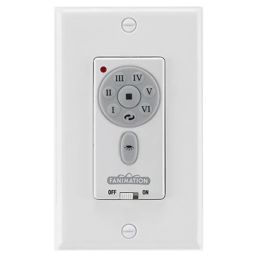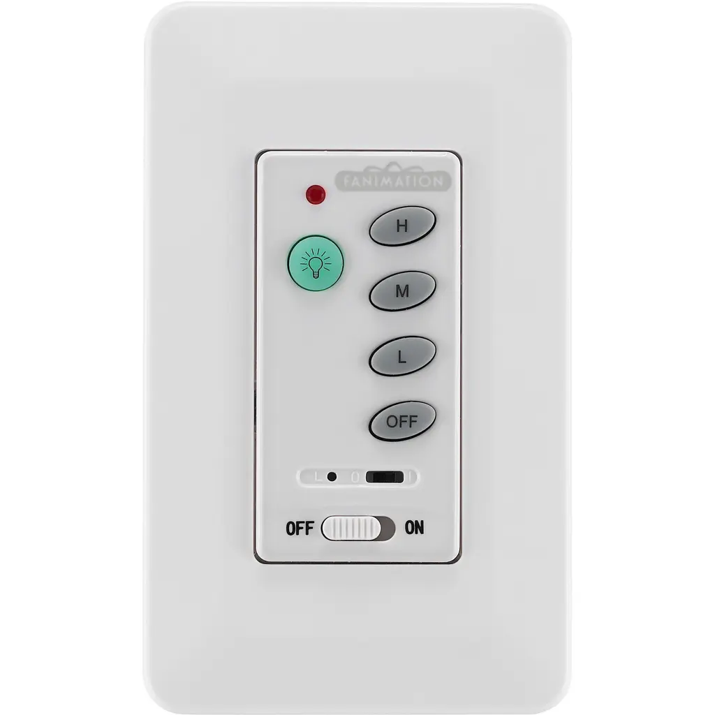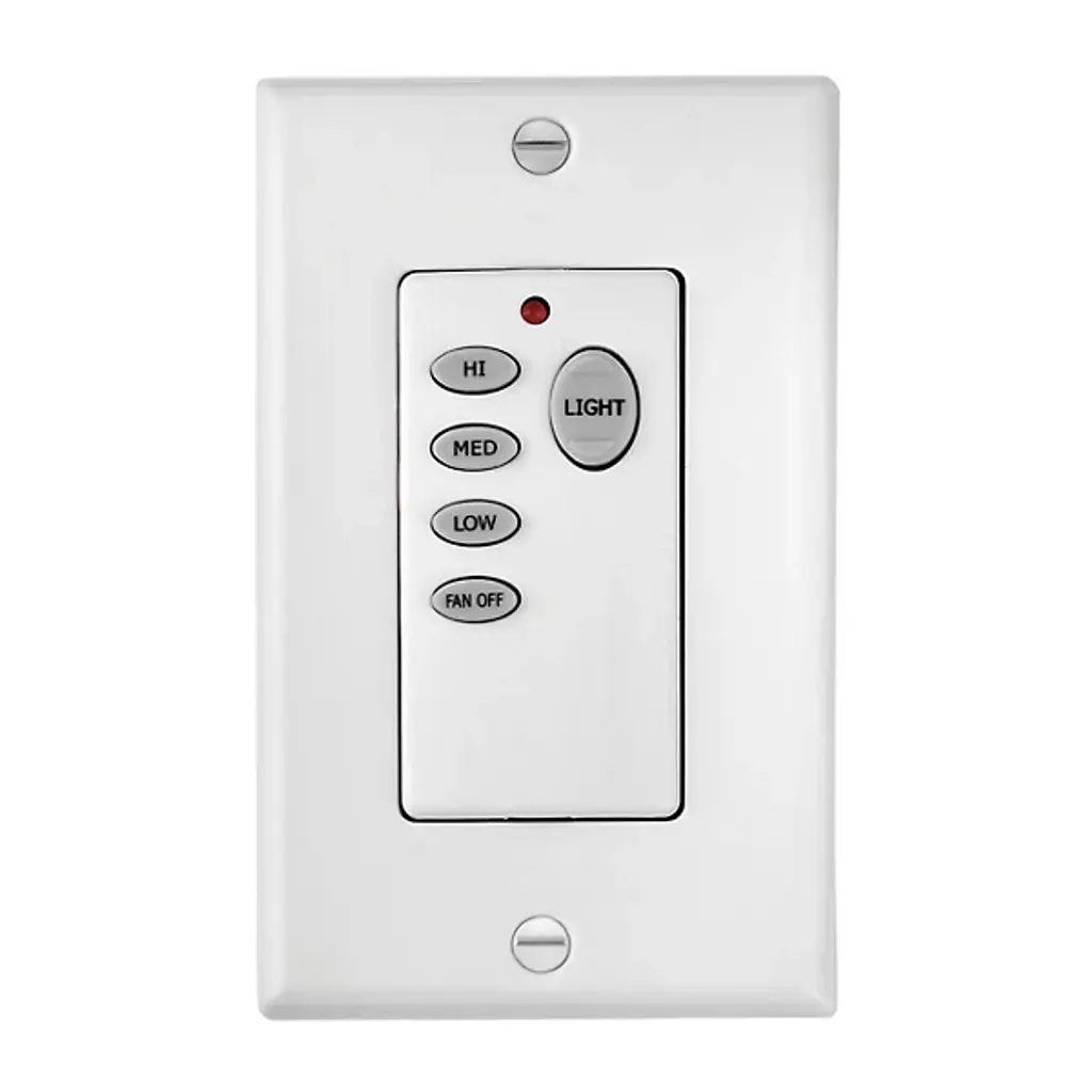 A quick button press and you’re off to a comfortable living experience with the 4-Speed Wall Control for DC Fans from Hinkley Lighting. This piece falls in place with the modern aesthetic in its rounded corners and clear symbol-based interface. It accents the wall with a flush faceplate in a neutral white finish. The piece elegantly pairs a fan and light button with a plus, minus one for the range of high and low settings. In between, a circulating button provides the upsurging reverse functionality. The piece offers quick use with an on-off switch.
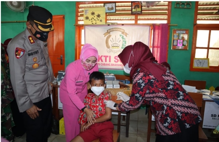 BANYUASIN, Dalam rangka percepatan vaksinasi Covid-19 di wilayah Kabupaten Banyuasin, Polres Banyuasin bersama Bhayangkari Banyuasin menggelar Vaksinasi Anak usia 6-11 tahun. Kegiatan tersebut dilaksanakan di SDN 2 Talang Kelapa, Kamis (27/01/2022).
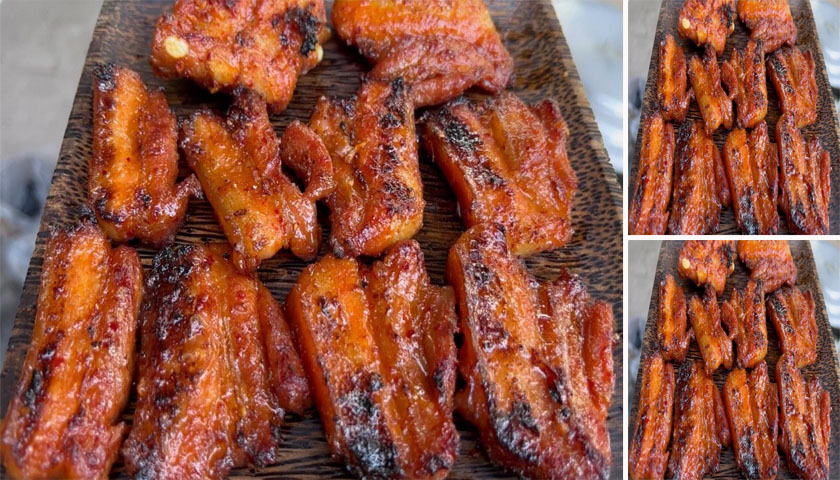 -หมักทุกอย่างให้เข้ากัน เรียงใส่ถาด แช่ถังน้ำแข็งทิ้งไว้ ก่อนเอามาย่างไปอ่อน
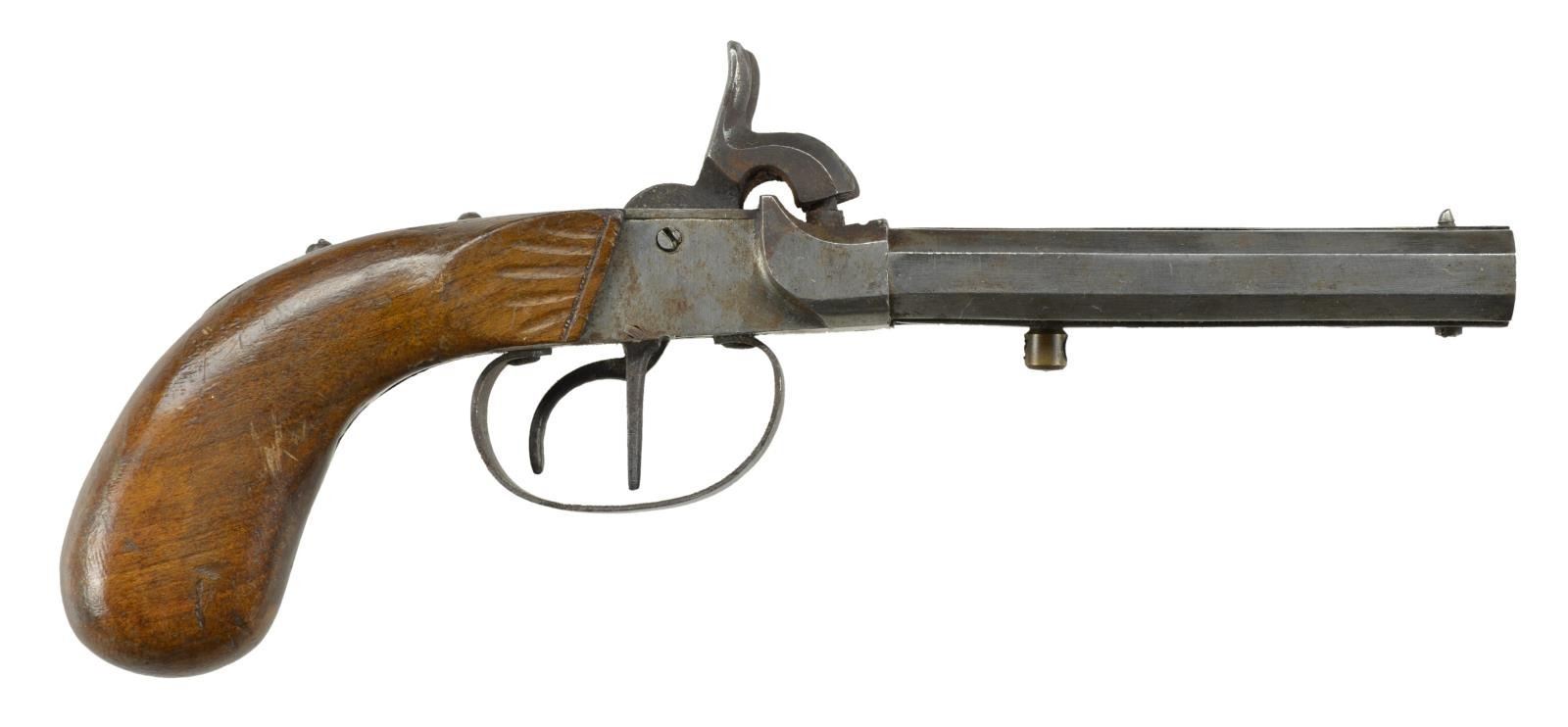 8) PERCUSSION. Cal. 45. NSN. Bbl. 12". Wedge faste3ned wood stock w/ ramrod. CONDITION: poor. Pitted bore. PROVENANCE: Estate Collection of Jack Verret Sr. (01-20714 (8) /MD). ALL ANTIQUE. $300-400.
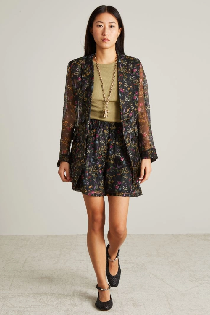 Blazer-style duster in printed pure silk organza, with peak lapel collar, long set-in sleeves with buttons, breast pocket, welt pockets with flap applied on the front and side slits on the back. Double-breasted fastening with buttons.
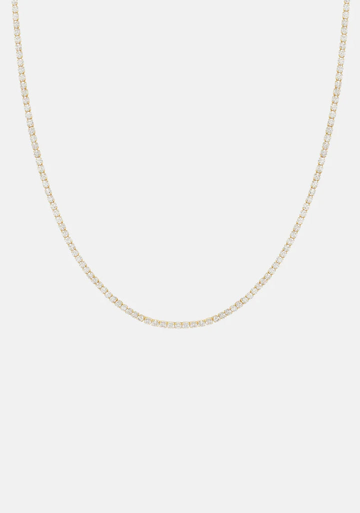 Sophisticated and timeless, the Aspen Tennis Necklace adds elegance and glamour to any look. Featuring a continuous row of zirconia stones with an extension chain embellished with a charm for the perfect fit. A special gift for yourself or someone special.
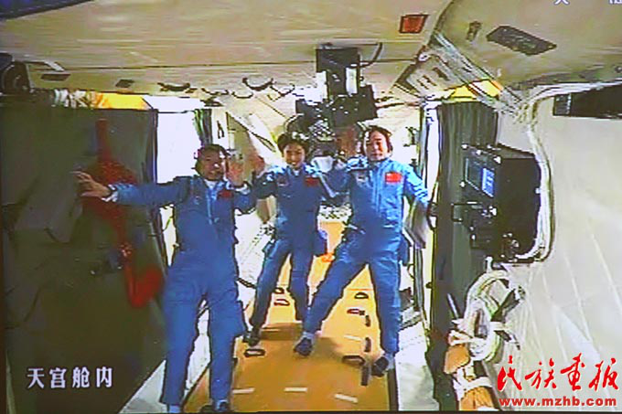 2012年6月18日,神舟九號飛船與天宮一號完成自動交會對接,兩飛行器形成穩(wěn)定運行的組合體后,三位航天員先后進入天宮一號目標飛行器,這實現(xiàn)了中國載人航天歷史上首次對一個在軌運行的航天器的拜訪和駐留。圖為在北京航天飛控中心大屏幕拍攝到的航天員景海鵬、劉旺、劉洋在天宮一號實驗艙內(nèi)的畫面?!睹褡瀹媹蟆?012年第7期
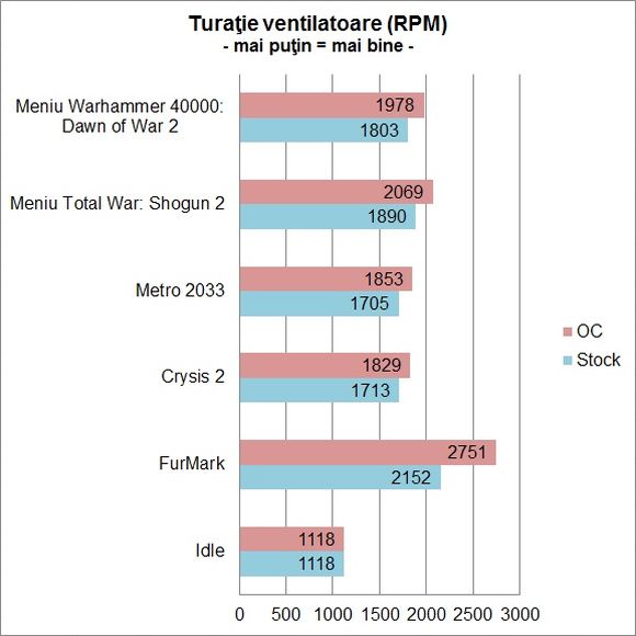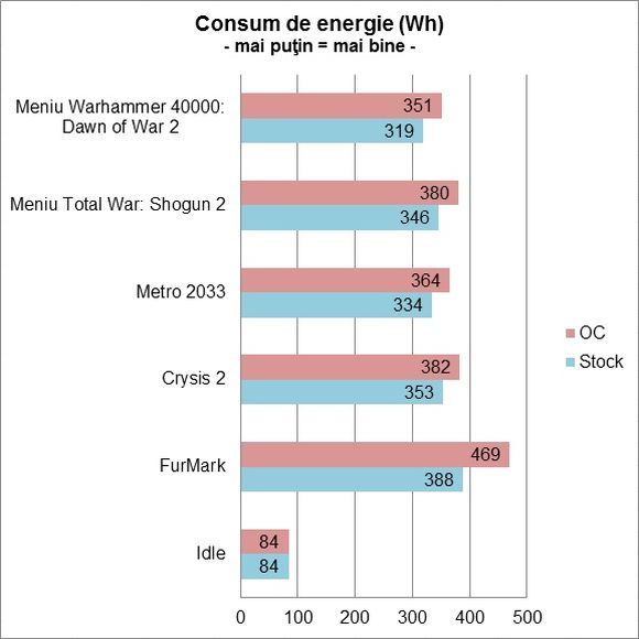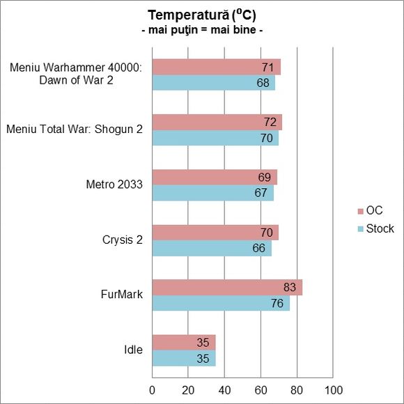 Dacă până acum ASUS MATRIX-HD7970-P-3GD5 a eşuat în a vă impresiona, acum ar cam fi cazul să o facă. Temperaturile de funcţionare sunt mici, fie că vorbim despre frecvenţele implicite, fie că ne referim la cele utilizate pentru overclocking. De asemenea, zgomotul este cu mult mai mic decât mă aşteptam. De fapt, singurul caz în care acesta a atins un nivel deranjant a fost la overclocking, când am rulat FurMark. În rest, placa s-a dovedit silenţioasă, indiferent de frecvenţele folosite sau de aplicaţia rulată.
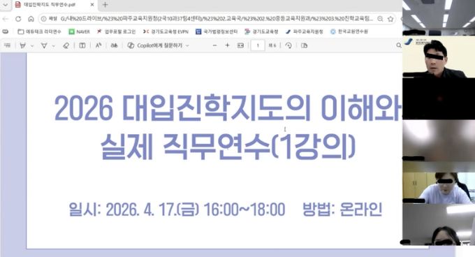 (포탈뉴스통신) 경기도파주교육지원청은 급변하는 대입 환경에 발맞추어 교원의 대입진학지도 전문성을 높이고 학생 맞춤형 진학 교육을 실현하기 위하여 '2026 대입진학지도의 이해와 실제 직무연수'를 운영한다.
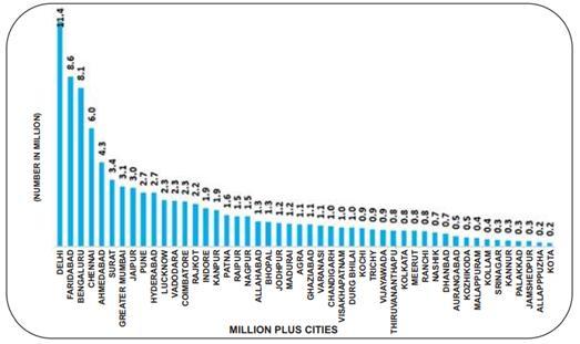 Fig -1: TotalRegisteredMotorVehiclesinmillionPlus Cities ason31stMarch,2019(inmillion)
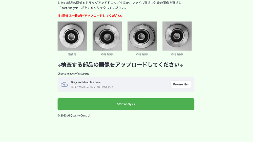 検査したい画像をアップロードし、Start Analysis を選択
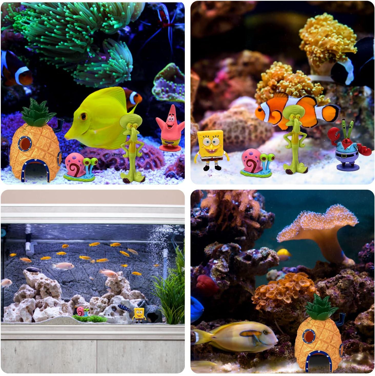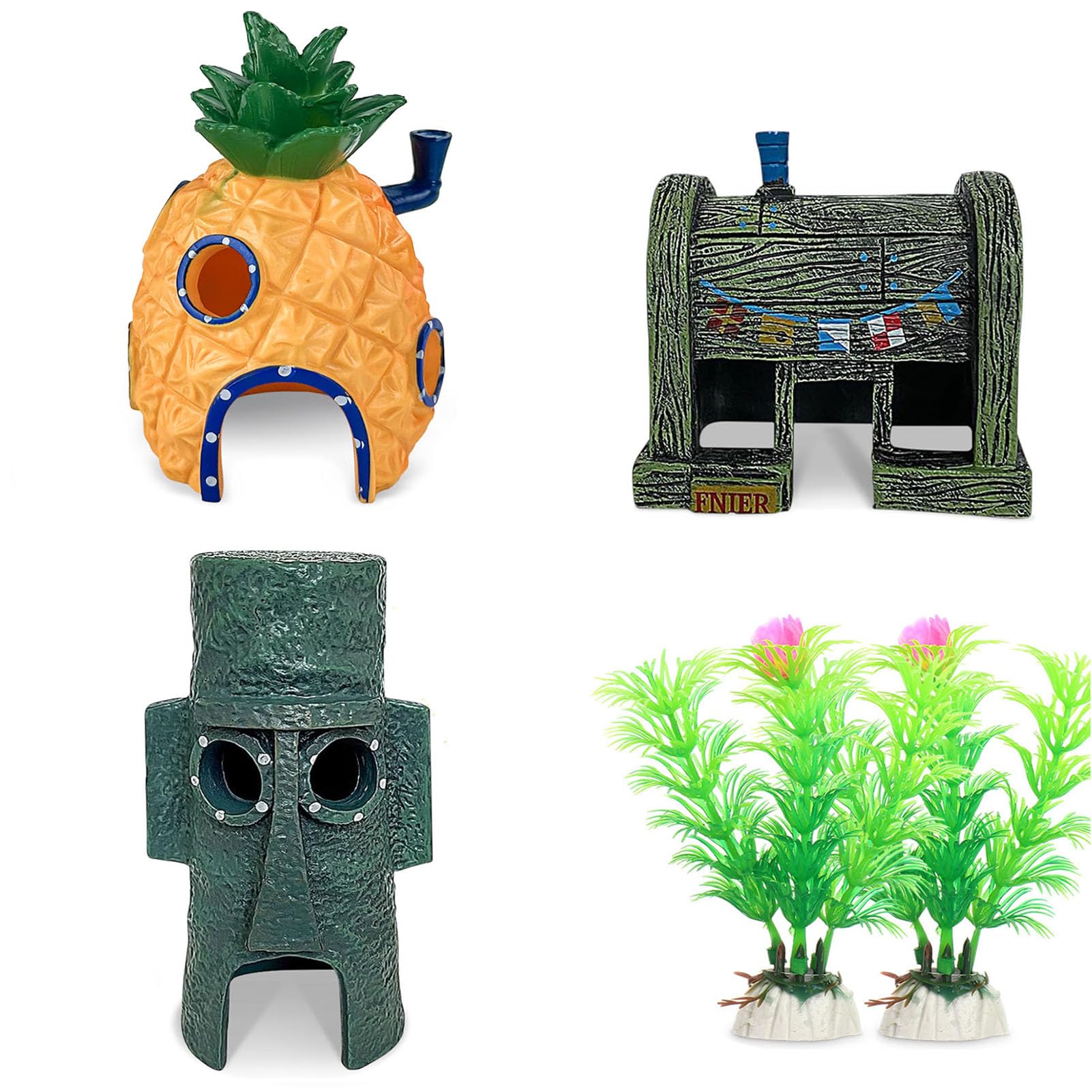 Verwandle dein Aquarium in eine bunte Unterwasserwelt aus Bikini Bottom! Dieses 11-teilige Set bringt jede Menge Spaß und Farbe in dein Aquarium. Enthalten sind: 1 Ananashaus (das berühmte Haus von Spongebob), 1 Krusty Krab Restaurant, 1 Osterinselhaus von Squidward, 6 niedliche Mini-Cartoon-Puppen und 2 Wasserpflanzendekorationen. Alle Teile sind aus hochwertigem, ungiftigem Harz gefertigt - absolut sicher für deine Fische und Garnelen. Die hohlen Häuser haben mehrere Eingänge, wo sich kleine Fische verstecken und spielen können. Die Dekorationen haben stabile Böden und stehen sicher im Aquarium. Perfekt für Süß- und Meerwasseraquarien! Einfach reinigen - nur mit warmem Wasser abspülen, keine Seife verwenden. Dieses Set macht nicht nur deinen Fischen Freude, sondern ist auch ein toller Hingucker für dein Zuhause!
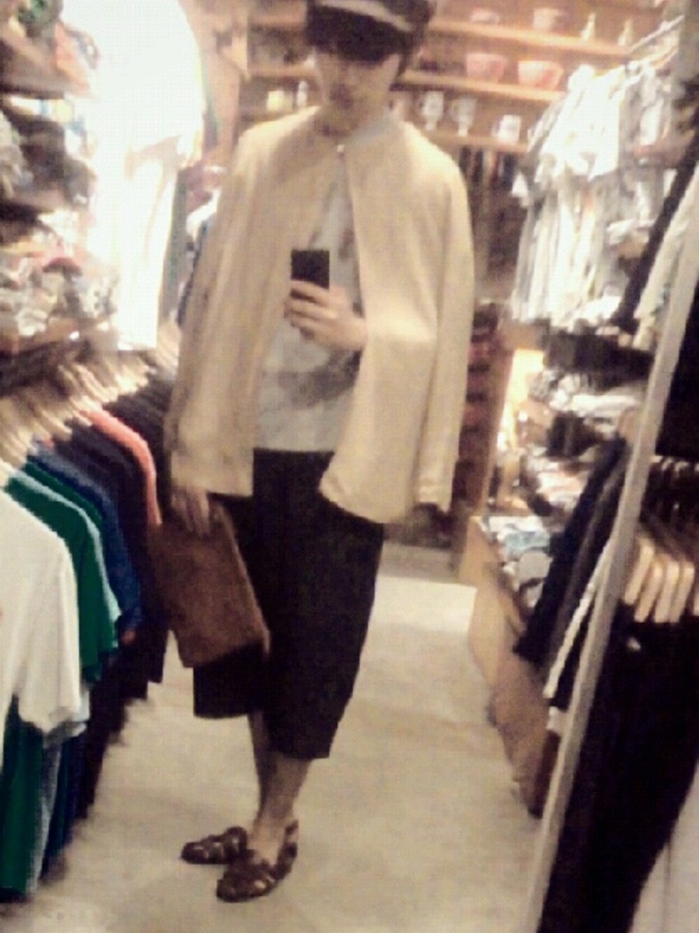 いやー、今日も暑いですねー かき氷とかアイス食べてクールダウンしなきゃね(笑) さてさて今日のコーデは 大好きな茶系、地味目な感じです! 最近のトレンドのガウチョパンツは動きやすいし涼しいし色はカーキだから茶色との相性もバッチリ( ̄▽ ̄)b トップスはコーエンのフルーツ柄のTシャツです グレーだから使いやすくて。とっても着まわししてます(笑) アウターはベージュでこれはカーディガンみたいなマントみたいなポンチョのよーなかなり特殊なやつだと思います 古着屋で見つけたとき一目惚れしたやつですな♪ とまー、色合い的にちょっと季節感が秋っぽくなってるけど 地味でOjiらしくレトロに着たいとこーなるんだよね(笑) それでもレトロ好きとか古着が好きな方は是非仲良くなりましょ(。-_-。) Twitter @OSHARE0322
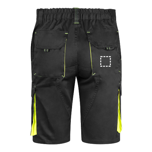 Zweifarbige Stretch-Bermudashorts mit mehreren Taschen (240 g/m²), aus Baumwolle (46%), EME (38%) und Polyester (16%). Mit elastischem Bund, farblich abgesetzten Zwickeln, Zuglasche und Nähten sowie Stoffverstärkung auf der Rückseite. Enthält sechs Taschen (2 französische Taschen, 2 seitliche Zwickeltaschen und 2 Gesässzwickeltaschen). Grösse: 34, 36, 38, 40, 42, 44, 46, 48, 50, 52, 54, 56, 58, 60

====================

In the listing above, the required lines run from the line with "Fig -1: TotalRegisteredMotorVehiclesinmillionPlus" through the line with "検査したい画像をアップロードし、Start Analysis を選択". Output exactly those lines, omitting pictures.

◆ **TASK RESULT**
 Fig -1: TotalRegisteredMotorVehiclesinmillionPlus Cities ason31stMarch,2019(inmillion)
 検査したい画像をアップロードし、Start Analysis を選択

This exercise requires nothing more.